Quinta, 11 Agosto 2022

Empresa que explorar mão de obra escrava em São Paulo será fechada por 10 anos

O Estado de São Paulo publicou uma lei que estabelece que empresas e lojas que forem flagradas explorando direta ou indiretamente mão de obra análoga à escrava vão ser fechadas por dez anos. A lei também pune as empresas que se beneficiam da terceirização, por considerar que toda a cadeia produtiva tem responsabilidade pelo crime. A publicação da lei aconteceu um dia após a celebração do Dia Nacional de Combate ao Trabalho Escravo.
 
O Espírito Santo tem atualmente sete empregadores incluídos no Cadastro de Empregadores flagrados explorando mão de obra análoga à escrava, conhecida como Lista Suja do Trabalho Escravo. Uma das empresas incluídas é o Complexo Agroindustrial Pindobas, de propriedade do deputado federal Camilo Cola (PMDB). 
 
Em entrevista ao programa Revista Brasil, da Rádio Nacional AM, de Brasília, o procurador-geral Trabalho, Luís Antônio Camargo, afirmou que o lucro e a impunidade dos empregadores são os principais fatores de permanência na exploração do trabalho escravo.

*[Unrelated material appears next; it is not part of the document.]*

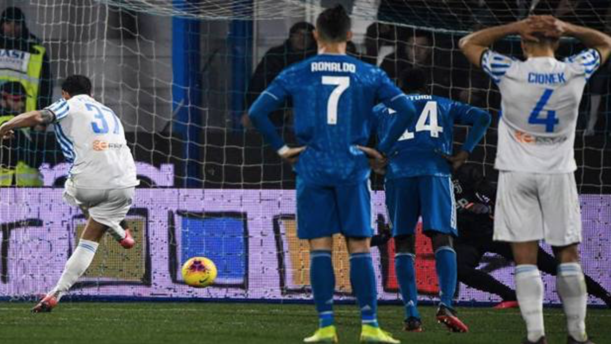 迷球2月23日讯 北京时间2月23日凌晨01:00,2019-2020赛季意甲联赛第25轮比赛继续进行,尤文图斯客场挑战斯帕尔。上半场,C罗进球被VAR取消,随后,夸德拉多助攻C罗破门,葡萄牙前锋连续11轮联赛进球追平个人纪录,迪巴拉远射中框;下半场,迪巴拉助攻拉姆塞挑射扩大比分,鲁加尼送点,佩塔尼亚点球扳回一球,C罗任意球中框。最终,尤文图斯客场2-1战胜斯帕尔。此役过后,尤文图斯19胜3平3负
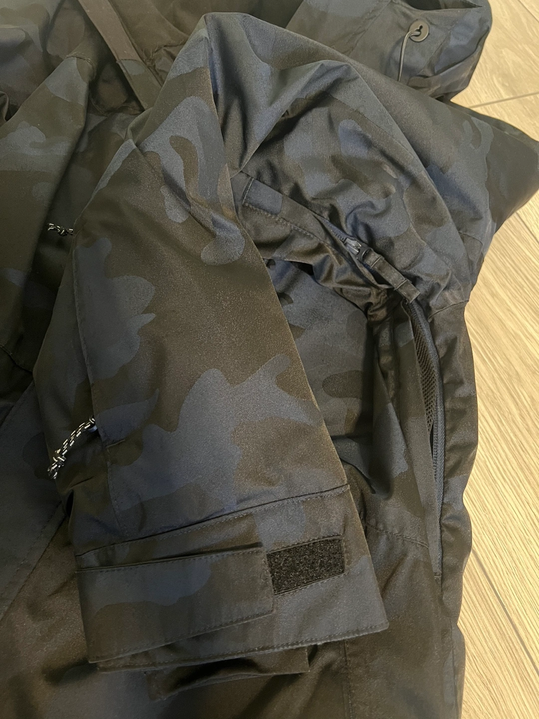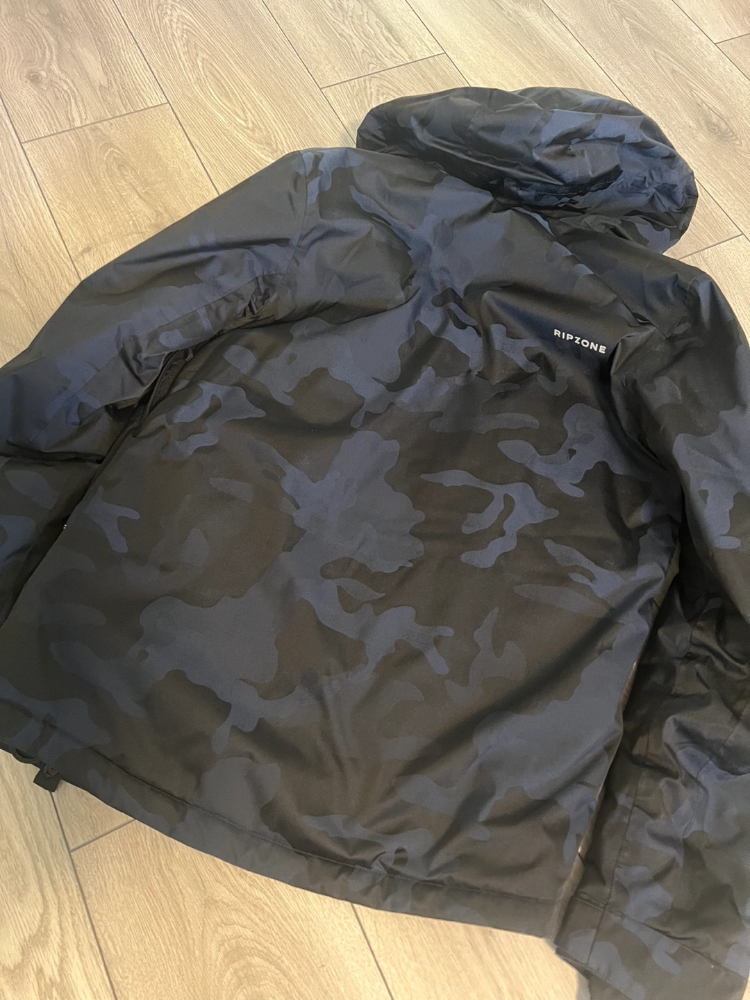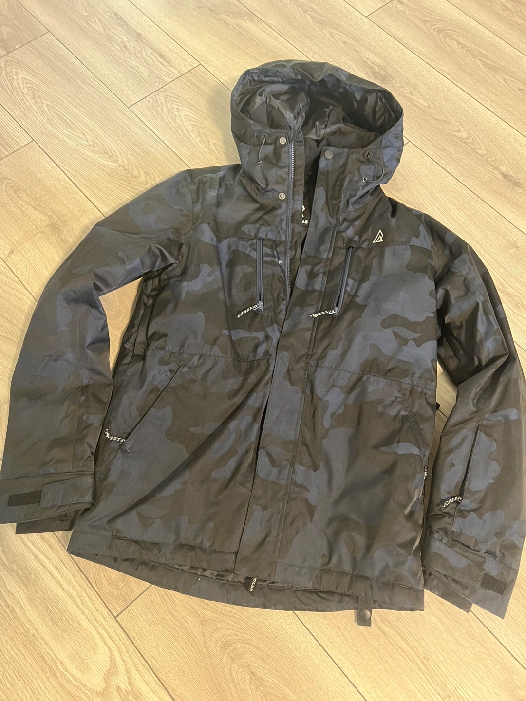 -Black camo ski jacket with a hood -Features include inner pocket, cuffs, and zippered pockets -Size S

Enquanto o empregador que cumpre a lei paga todos os tributos, aquele que explora mão de obra tem altos lucros e ainda há as dificuldades de punição a essas pessoas na esfera criminal. 
 
Na esfera trabalhista as punições são mais eficientes, mas sem a punição criminal a impunidade fica mais evidenciada. 
 
Dos sete empregadores do Estado que constam da Lista Suja, dois tiveram o nome incluído no cadastro ainda em 2010 e permaneceram até a atualização mais recente, de 28 de dezembro de 2012. São eles Antônio Carlos Matin, conhecido como Toninho Mamão, que morreu em 2012 e foi denunciado pelo Ministério Público Federal no Estado (MPF-ES) em 2009, junto com o lavrador Nelson Pinheiro dos Santos, por aliciar trabalhadores e submeter 77 deles à condição análoga à de escravos numa lavoura de café na fazenda Nova Fronteira, em São Mateus (norte do Estado); e Peris Vieira de Gouvêa, da fazenda Jerusalém, em Alegre, no sul do Estado. É importante frisar que os nomes permanecem na lista até que sejam sanadas todas as irregularidades encontradas. 
 
Além desses dois empregadores constam da Lista Suja Luiz Carlos Brioschi, da Fazenda Barra Seca, localizada em Jaguaré, no norte do Estado e Osmar Brioschi, da mesma fazenda, também continuam na Lista Suja, com 21 e 19 trabalhadores libertados respectivamente; do município de Marechal Floriano, na região serrana do Estado permanece o empregador Marcelo Krohling, do sítio Novo Mundo/Araponga, com 15 trabalhadores libertados; e a Bell Construções, empresa do ramo da construção civil de Vila Velha incluída por submeter 18 trabalhadores a condições degradantes em uma obra no mesmo município. 
 
Da as fazenda Pindobas IV, do Complexo Agroindustrial Pindobas, de propriedade de Camilo Cola foram libertados 22 trabalhadores que atuavam no corte e tombamento de pinus.